Belarusian-born American dressmaker and businesswoman (1886-1973)

Ida Rosenthal (née Kaganovich; January 9, 1886 - March 29, 1973) was a Belarusian-born American dressmaker and businesswoman who co-founded Maidenform. Ida is considered to be the creator of the modern bra and her company Maidenform went on to become the most successful bra manufacturer in the world.

==Biography==
She was born to a Jewish family in Rakaŭ, near Minsk, then part of the Russian Empire. her father was a Hebrew scholar and her mother ran a small general store.

  At the age of 18, she emigrated to the United States, following her fiancé William Rosenthal, and Americanized her (maiden) name to Cohen. Those who knew her well called her Itel. In 1907 she got married and partnershiped with her husband.

In 1921, along with Enid Bisset, she opened up a dress shop, which a year later was registered the name Maiden Form.
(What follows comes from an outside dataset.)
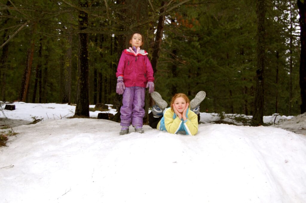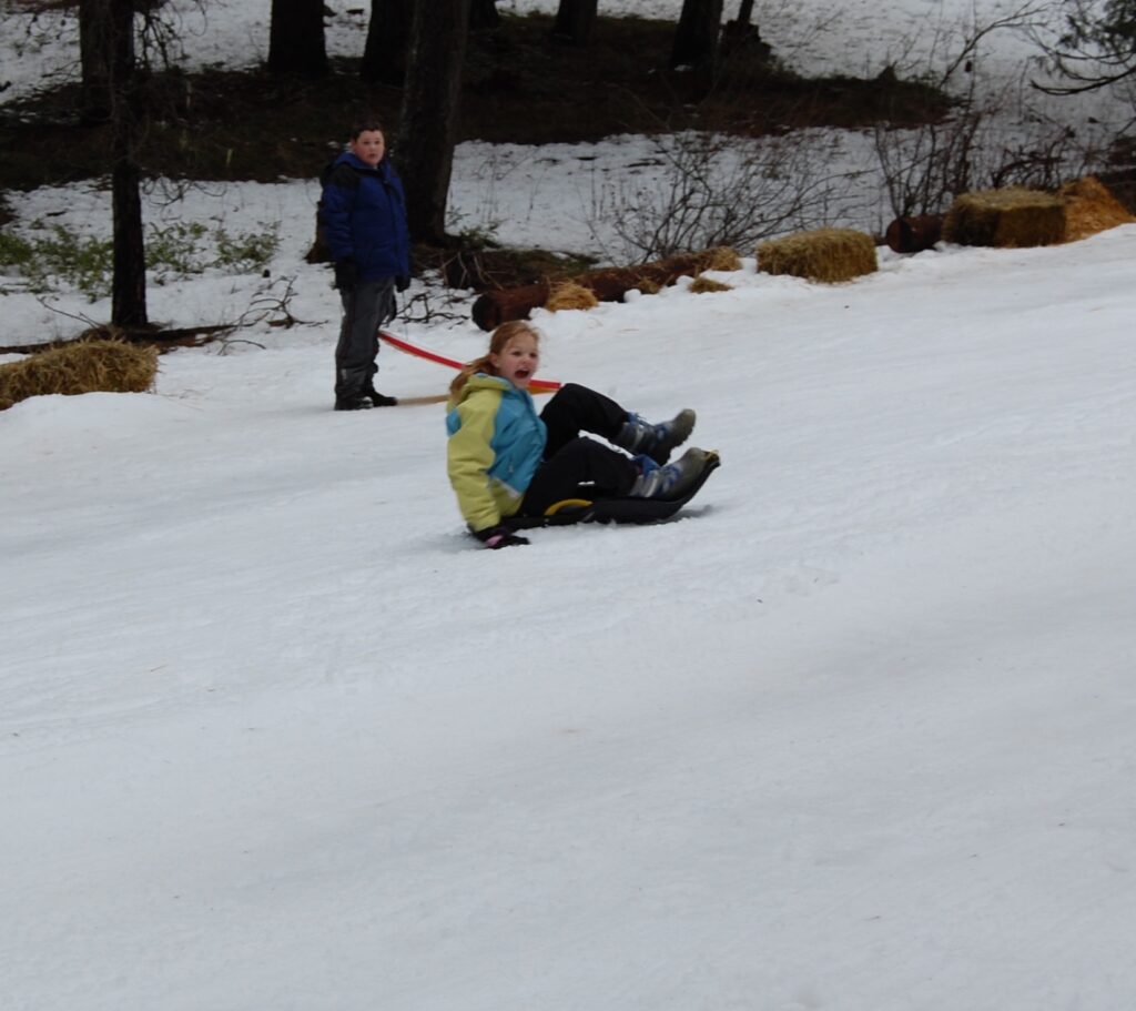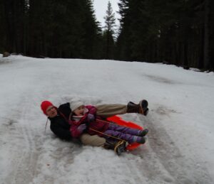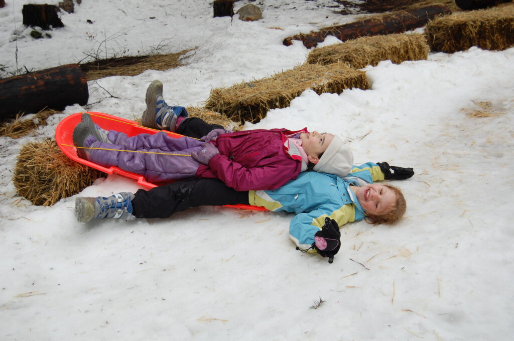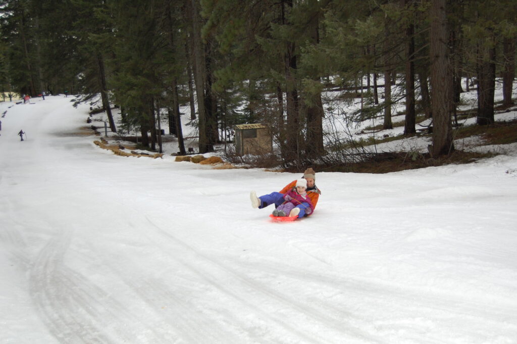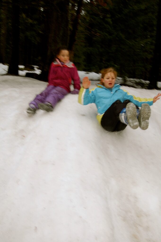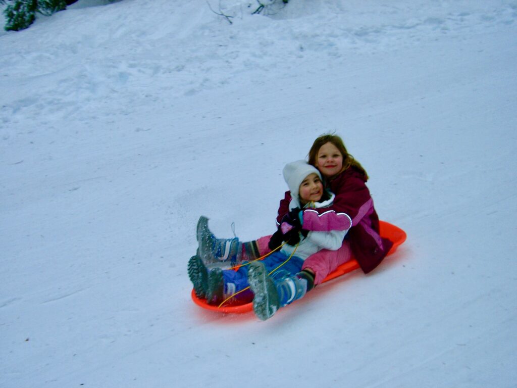 Talia & Kate wrecked & laughing at the Sledding Hill over in Lake Wenatchee State Park close to the River House. A big day for Talia as she got back into snow sports after breaking her leg in a sledding accident on the same run two years earlier. Taken on Monday 15 February 2010.

In 1925 the first Maidenform plant was opened in Bayonne, New Jersey to focus solely on their most popular product, brassieres (although the company later produced lingerie and swimwear as well). Despite the Great Depression and Enid's retirement, the partnership was very successful and expanded into markets across the United States, Europe and Latin America.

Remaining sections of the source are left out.